Judge of the High Court
- Incumbent
- Assumed office 21 February 2022
- Nominated by: Government of Ireland
- Appointed by: Michael D. Higgins

Personal details
- Education: Trinity College Dublin; King's Inns;

= Kerida Naidoo =

Irish barrister, High Court judge

Kerida Naidoo is an Irish judge and lawyer who has served as a Judge of the High Court since February 2022. He was formerly a barrister.

== Early life ==
Naidoo obtained a BA from Trinity College Dublin and attended the King's Inns. He was the auditor of the College Historical Society between 1990 and 1991. He appeared on the RTÉ TV series Challenging Times representing the King's Inns in 1994.

== Legal career ==
He was called to the Irish Bar in 1995 and became a senior counsel in 2015. He was heavily involved in criminal trials, appearing for the prosecution and for defendants.

He was counsel for the Director of Public Prosecutions in cases involving murder, health and safety offences, sexual offences, weapons offences, kidnap, robbery, and drugs offences. Naidoo was the prosecuting barrister in the trial of a man convicted of vandalising Argenteuil Basin with a Single Sailboat (a painting by Monet).

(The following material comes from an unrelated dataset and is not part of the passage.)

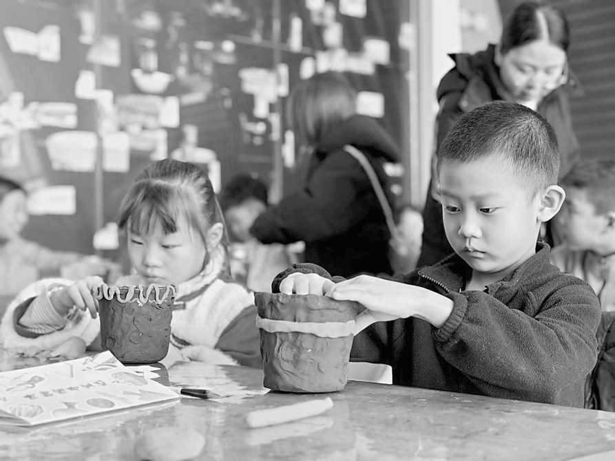 讲解环节结束后,动手实践活动随即展开。在博物馆社教老师的指导下,学生们制作出一件件独具特色的“陶罐”。陪同参与的家长纷纷表示:“博物馆的研学活动既有文化深度,又贴合孩子的兴趣,让青少年在轻松氛围中了解家乡历史,是非常有意义的成长体验。”

He appeared for the DPP in the first prosecution of the offence of coercive control in Ireland. He acted for the Office of the Director of Corporate Enforcement in High Court proceedings connected with its investigation into the Football Association of Ireland.

He defended county councillor Kieran Mahon in his trial for the false imprisonment of Joan Burton, where the jury returned a not guilty verdict.

He was a member of a working group on judicial review from 2001 for the Law Reform Commission.

== Judicial career ==
Naidoo was nominated to become a judge of the High Court in January 2022. He was appointed in February 2022.